How a Drawing Could Cure Cancer: Physics Diagrams as Modern Hieroglyphs

Written by: Umberto Cannella

If you’re a fan of the TV series, The Big Bang Theory you’re probably used to laughing at Penny and Sheldon’s interactions, especially when Dr. Cooper tries to explain physics to his loveable blonde neighbor.


One such instance is captured in the picture below.  If you look at it, you could easily imagine Sheldon saying something like: “See, Penny, this equation accounts for the branching ratio of a top quark decaying into a W boson and bottom quark, as depicted by the upper-left diagram.”

Do you think Sheldon took up drawing simply so he could flirt with Penny?

Not at all — the pictograms on the whiteboard are a serious part of physics!

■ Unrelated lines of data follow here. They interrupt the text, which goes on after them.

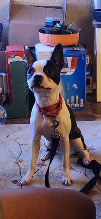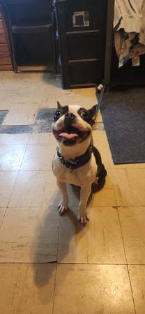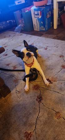 Pearl - 1 yr old Boston Terrier, not spayed, up to date on Rabies and Distemper vaccines, on flea and tick prevention. Loves sitting in a lap, chewing sticks, and chasing balls. Gets along with kids, cats, and dogs. Will come with food for transition as well as leash and collar. *sister to Gypsum*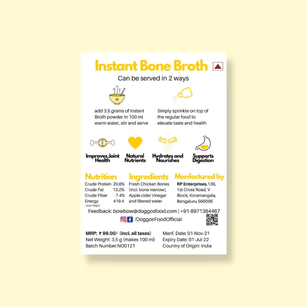 - Simply sprinkle or pour the 100ml of broth on your pet's kibbles, and get goodness of chicken bone broth in a meal.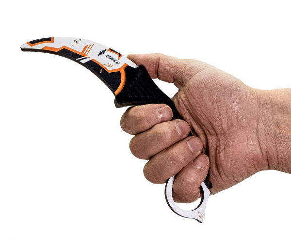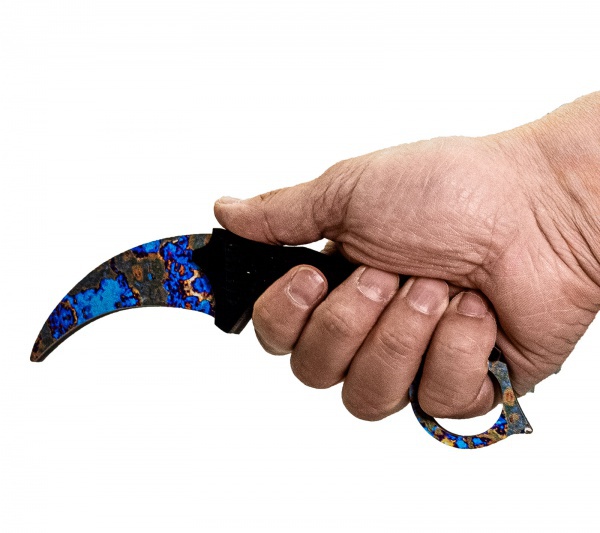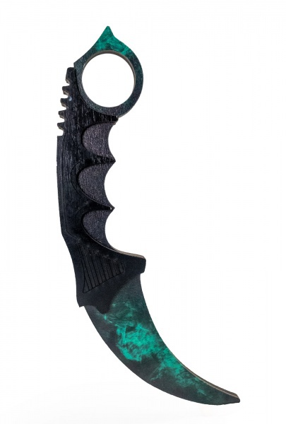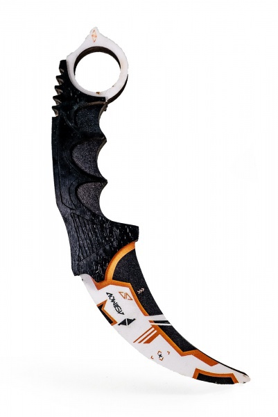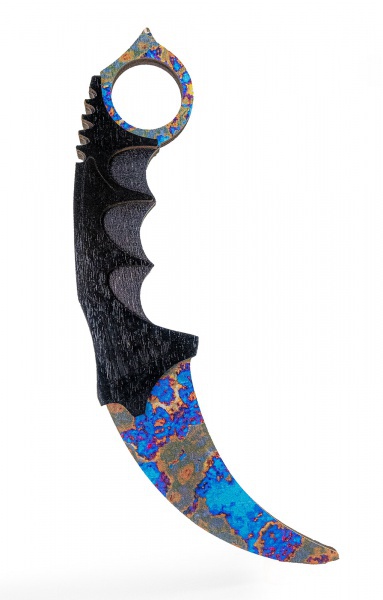 Пусть войны случаются понарошку, а дети растут сильными и добрыми. Об этом думал автор, вырезая каждую извилину керамбита, рисуя на нём нереальные светящиеся фоны, старательно подгоняя отверстие на ручке под детский пальчик. Можно купить ребенку для игры или в подарок.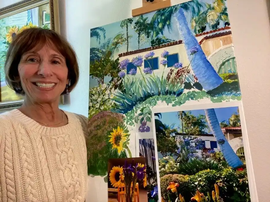 Below you see me at my easel with a painting in progress. You can see that I am using not just one, but several photos to create the painting. I often use several photos for a single painting.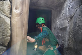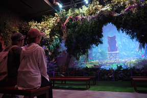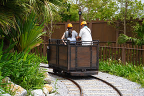 迷子になった恐竜の赤ちゃんを探すジャングルツアー。途中にはトロッコや吊り橋、洞窟見られる神秘的な光景も……。体験時間約14分。
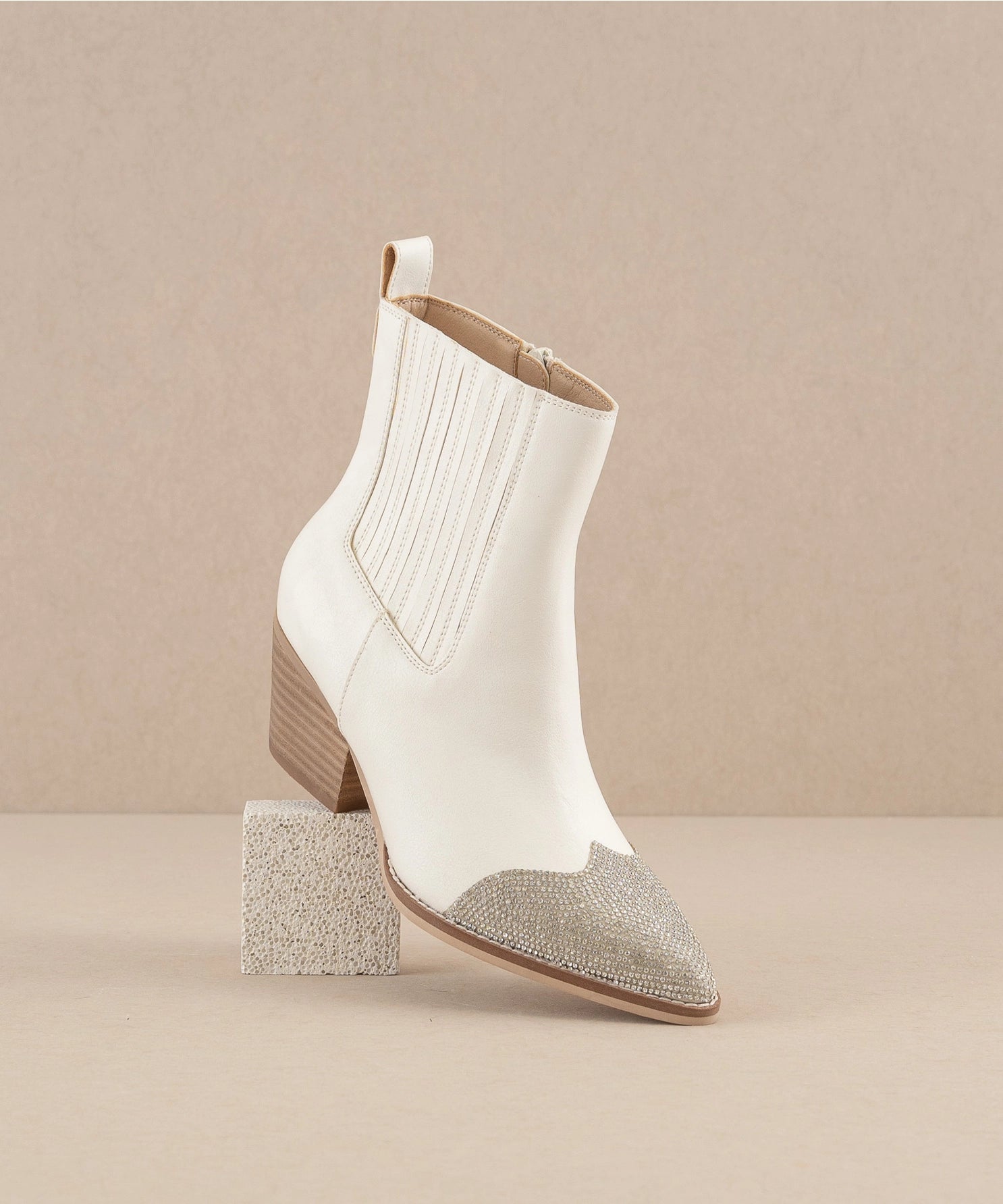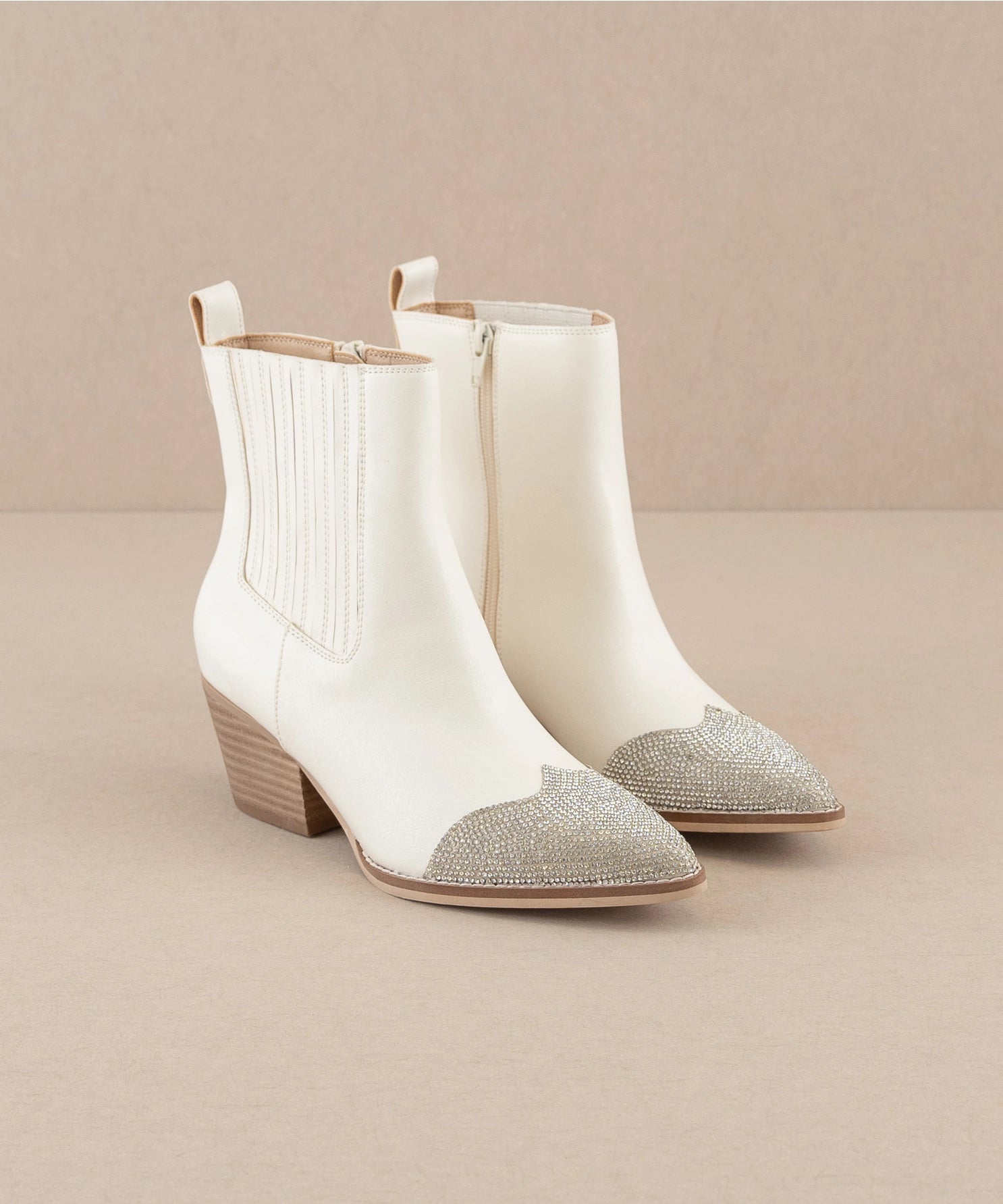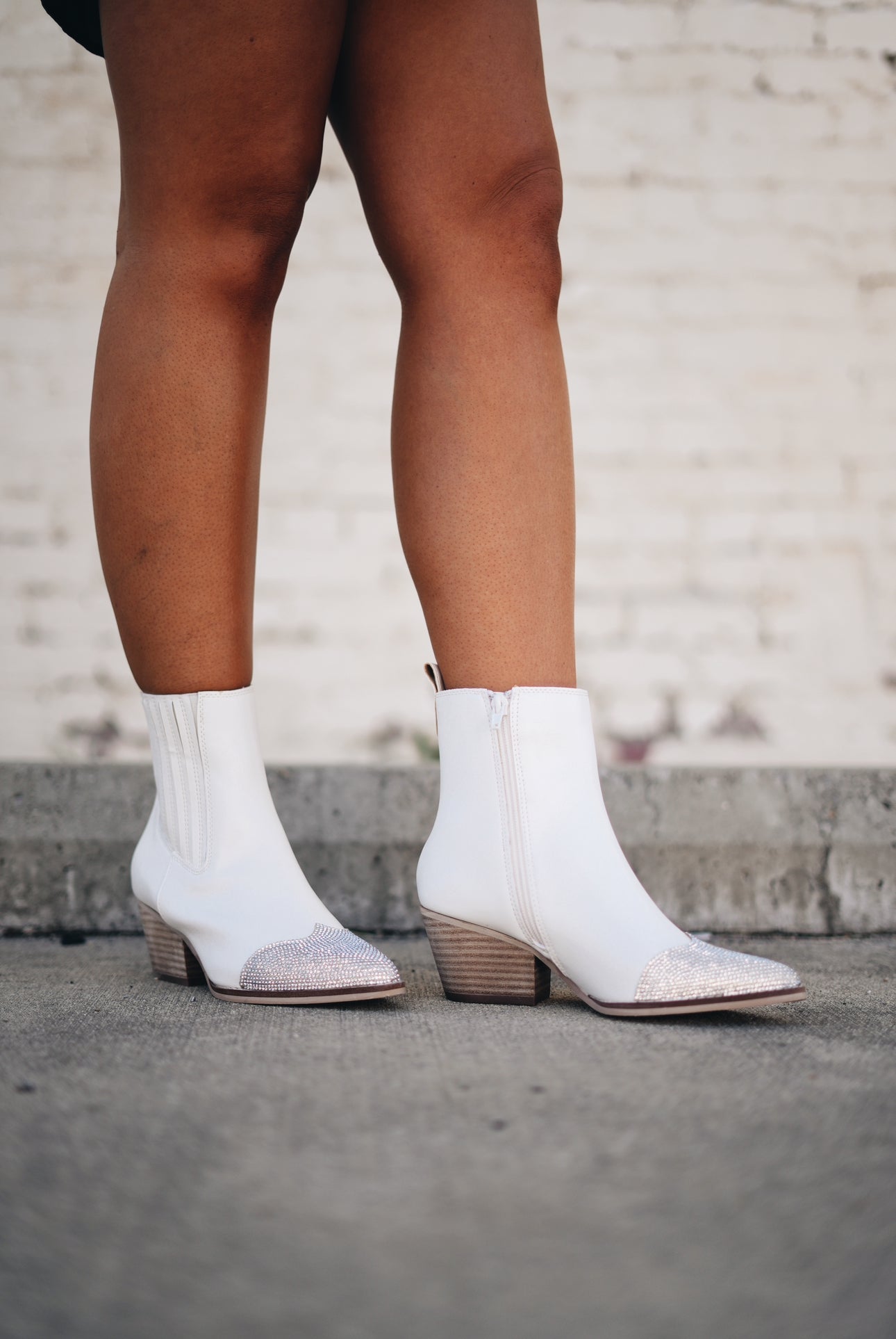 Turn heads with our Western Bootie adorned with a Rhinestone Toe. These chic booties blend classic western style with a touch of glamour, perfect for adding sparkle to any outfit.
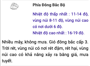 Dự báo thời tiết hôm nay 14.2, do ảnh hưởng của không khí lạnh kết hợp với hội tụ gió trên cao nên khu vực từ Thanh Hóa đến Thừa Thiên Huế có mưa, mưa rào. Bắc Bộ trời rét, vùng núi có nơi rét hại với nhiệt độ thấp nhất phổ biến 11-14 độ C, vùng núi 8-11 độ C, vùng núi cao có nơi dưới 6 độ C và có khả năng xảy ra băng giá, mưa tuyết.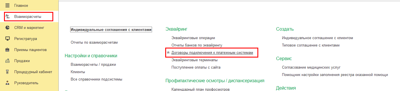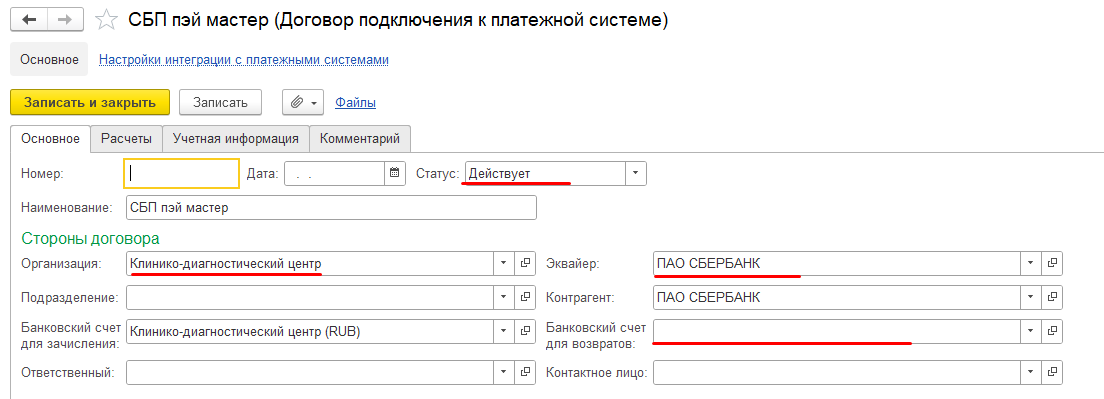 Создайте договор в справочнике Договоры подключения к платёжным системам.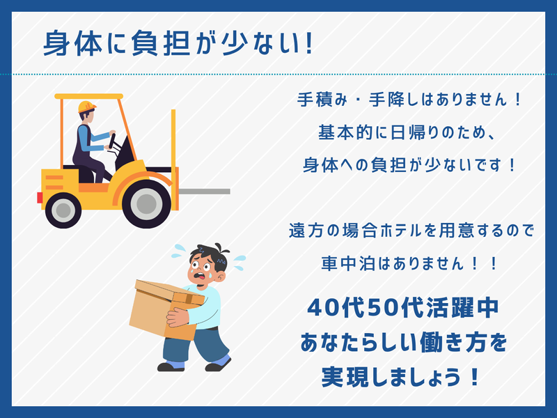 大型免許所有者歓迎!資格取得支援あり!日帰り/17時には帰宅
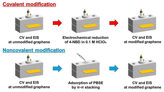 Covalent and noncovalent modifications were performed using a couple of films of monolayer CVD-grown graphene prepared in the same CVD batch. The EIS and CV measurements were carried out before and after modifications. Their schemes are shown in Figure 3. The covalent modification of the graphene surface was performed by grafting of nitrophenyl groups with electrochemical reduction of diazonium salt. Potential cycling was performed in a 0.1 M HClO4 solution containing 1 mM 4-NBD between 0.6 V and −0.4 V by using the graphene electrode with a scan rate of 50 mV/s [22]. The electrochemical modification was performed by using the electrochemical cell shown in Figure 2. A series of electrochemical measurements and modification was performed without dismounting the graphene electrode from the electrochemical cell.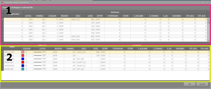 Extracting definitions can streamline setting up design definitions, particularly at the start of a project where you may have, for example, legacy design data from Studio 5D Planner or Mine2-4D or you wish to construct new definitions based on the contents of any existing Datamine binary file.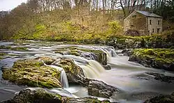 The Cenarth Falls is a cascade of waterfalls just upstream of the road bridge in the village of Cenarth in Ceredigion, bordering Carmarthenshire and Pembrokeshire, Wales. It is notable as the first significant barrier on the River Teifi that salmon and migratory sea trout encounter on their return to their home river as they make their way upstream to spawn. Because of this, and the very attractive setting of the falls in a natural wooded valley, the falls have become a significant visitor attraction in Ceredigion, including in the autumn when the fish can be watched leaping up the falls.[1]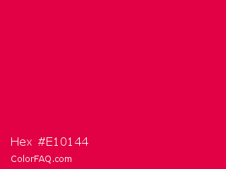 Hex #e10144 Color is a normal rose color and the nearest color is Rich Carmine #d70040. Hex code #e10144 and RGB value is rgb(225,1,68). In RGB color space, this color is composed of 88% red, 0% green, 27% blue, In CMYK color space, this color is composed of 0% cyan, 100% magenta, 70% yellow , 12% black , In HSL color space, this color has a hue angle of 342° , 99% saturation and 44% lightness.

They are known as Feynman diagrams, named after their inventor Richard Feynman, who first proposed their adoption in 1948 and later won the Nobel Prize for his work, including this invention, which provides a visual representation of particle physics.

Feynman was as much of an eccentric as his fictional colleague on the TV series.  Do you remember the episode “The Werewolf Transformation”?  In that episode, Sheldon goes “nuts” and wakes up Leonard by playing bongos in the middle of the night. Well, Feynman used to play bongos, too (in fact, that could be where the show’s writers got the idea).

 But why would a scientist propose drawings to his colleagues? Were they bored? Did their minds wander?  On the contrary, in the late 1940s, physicists were kind of stuck in their path to gain a better understanding of how the natural world works at an ever deeper level.


Roughly speaking, they needed to know where to go next and how to reach their destination. That’s where the novelty of Feynman’s genius was crucial.  His diagrams provided the tools of a new language, making it easier for physicists to communicate with each other.


At a glance, Feynman diagrams bear a resemblance to Egyptian hieroglyphs.  Just as hieroglyphs represented a wealth of information in a single sign, a Feynman diagram encapsulates the description of an interaction among particles in a very clear and concise fashion, making it possible to streamline the computation of the measurable effect that a certain physical process has. Knowing what to compute and how to do it were badly needed pieces of information at the time Feynman introduced his idea. The non-trivial advantage of adopting a common vocabulary lies in the universal standard of naming that this vocabulary provides; those who speak the same language are able to understand each other and then communicate among themselves, sharing meaningful information.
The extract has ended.